I knew what was coming next. I did not relish it, but I leaned in to wait nonetheless. What if it didn’t come, you see? If it did not come then I was free. My guilt would be by no means assuaged and my future still uncertain, but I would be relieved of the terrible burden Holmes had become. I got my stethoscope and placed it to his chest.
“Lub.”
And then, some twelve or fifteen seconds later, “Dub.”
The breath he had drawn fell back out, escaping betwixt his dried and shrunken lips.
“Stop it, I say! I have told you this before, Holmes: the dead do not breathe! Nor are they possessed of beating hearts! You’re doing it all wrong!”
Holmes had no rebuttal.
“I do not mean to be a complaining sort of fellow and I do not mean to harp upon your faults, but… can’t you do anything right? Even expire? Can’t you do that?”
Holmes remained pensively quiet, as had become his habit—one he’d formed shortly after I poisoned him, kicked fire in his face and shot him twice through the chest. Which had been partly his fault, if I’m honest. I mean, he’d been possessed by the spirit of Professor James Moriarty and had just claimed ownership of me. What was I supposed to have done?
“Look here, Holmes, I’m sorry for what I did. You know I am. But you mustn’t do this to me. Either you are dead, or you are not. Now, you haven’t moved in almost a month. Your front half is all dry and crackly. Your back half, down amongst the flowers, seems to have gone to juice and rot. I am positive that mattress is ruined. Ruined! You are clearly dead! So stop all this breathing nonsense, won’t you?”
Since castigation made no difference, I turned to cajoling.
“Just stop. As soon as that breath is gone, as soon as that heart is still, I can chop you up and sneak you out of here. Won’t that be nice? I can bury you, then. Or burn you. Or throw you—chunk by chunk—into the Thames. Whatever you prefer. But our current position is untenable, Holmes. I need you to make up your mind, don’t you see?”

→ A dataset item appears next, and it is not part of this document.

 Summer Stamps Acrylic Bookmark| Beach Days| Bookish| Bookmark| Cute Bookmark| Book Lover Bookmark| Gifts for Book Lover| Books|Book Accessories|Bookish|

He didn’t see. His eyes were open, but they were shrunk back inside his head like tiny, month-old poached eggs.
We had reached our nightly impasse. I pulled the blankets up around my chin and settled back onto my throne. Out of the corner of my eye, I could see my own bed. I missed it, in a way. But I never slept there anymore.
* * *
At a quarter past eight in the morning I was woken again. A positive flurry of blows erupted upon my front door, along with a man’s deep voice calling, “Holmes! Holmes! For God’s sake, Warlock Holmes! Answer your door!”
I jerked into wakefulness, fell off my book-throne and blearily stammered, “Augh! Help! South of France!”

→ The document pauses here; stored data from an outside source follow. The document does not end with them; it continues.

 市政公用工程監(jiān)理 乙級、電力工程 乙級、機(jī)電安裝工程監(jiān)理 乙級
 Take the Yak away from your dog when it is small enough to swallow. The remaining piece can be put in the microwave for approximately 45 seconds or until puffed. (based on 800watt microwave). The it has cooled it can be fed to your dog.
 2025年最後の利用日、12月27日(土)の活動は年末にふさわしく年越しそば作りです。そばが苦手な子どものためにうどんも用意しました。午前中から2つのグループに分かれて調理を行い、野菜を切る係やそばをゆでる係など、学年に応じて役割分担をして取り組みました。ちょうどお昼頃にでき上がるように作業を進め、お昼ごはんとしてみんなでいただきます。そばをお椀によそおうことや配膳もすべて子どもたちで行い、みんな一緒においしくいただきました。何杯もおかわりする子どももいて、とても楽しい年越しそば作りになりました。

Gathering my wits somewhat, I stumbled towards the front room, calling, “I am sorry, sir. Warlock Holmes is unavailable at the moment. He is… indisposed.”

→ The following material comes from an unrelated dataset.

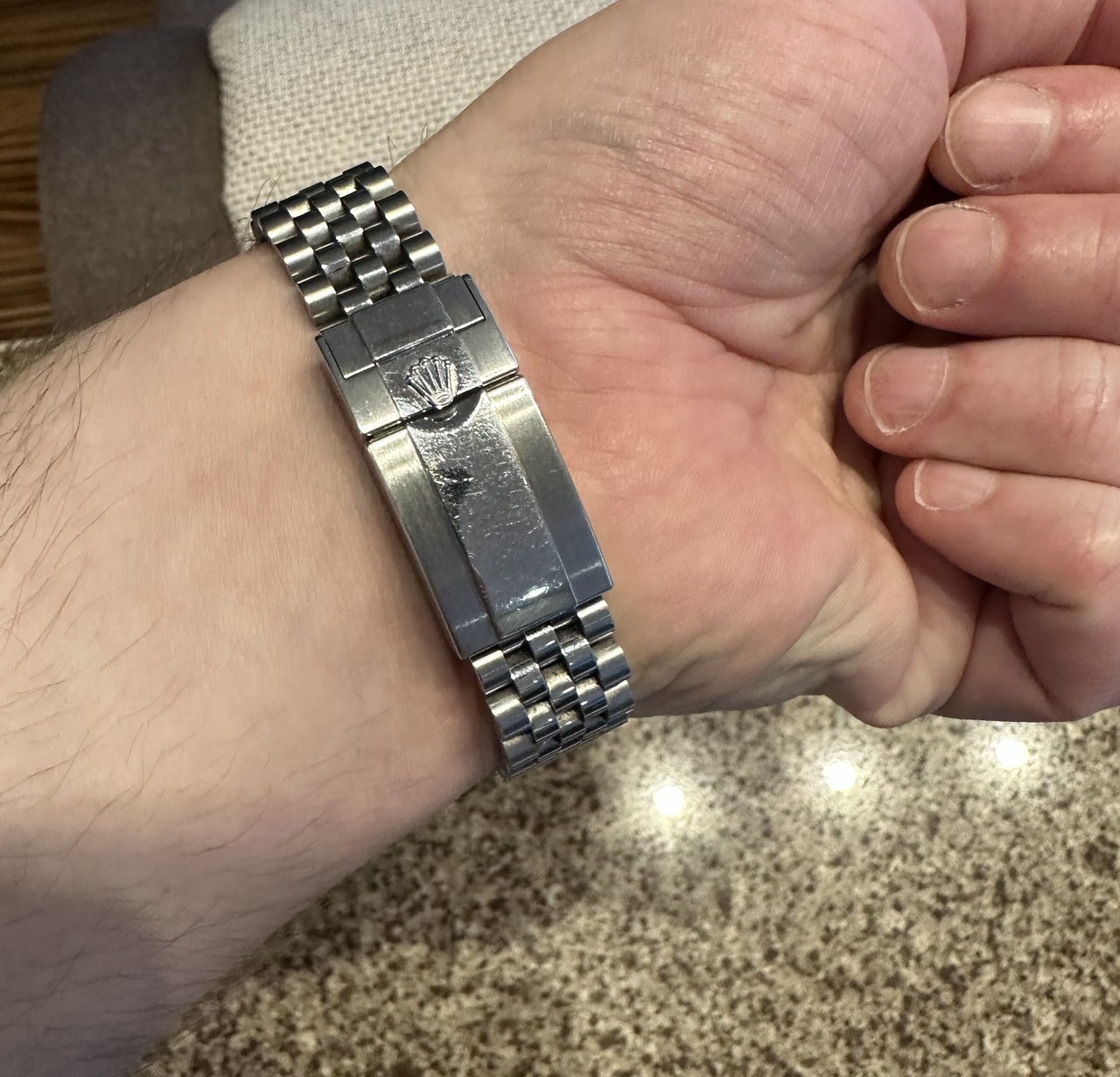 Часы имеют следы носки, но без серьезных недочетов. В основном царапки на застежке. Сколов, глубоких царапин, забоев и пр. нет. Полировка приведет часы в состояние если не новых, то близко к этому. Состояние скорее ААА, но, учитывая, что часы при проверке вскрывались, ставлю АА.

“Let me in, I say! I need him!”
“Unfortunately, Mr. Holmes is taking his holiday in the south of France and cannot be reached. So you see—”
“But he must help me!”
“He cannot help you. Warlock Holmes cannot help anybody right now!”
This did not dissuade my visitor, who began throwing his whole weight against our door repeatedly, crying, “Please! Please! He must steal the Beryl Coronet from me! He’s the only man who can!”
“Yes, but as I’ve been telling you, he can’t. Now stop causing a scene, sir, and be on your way.”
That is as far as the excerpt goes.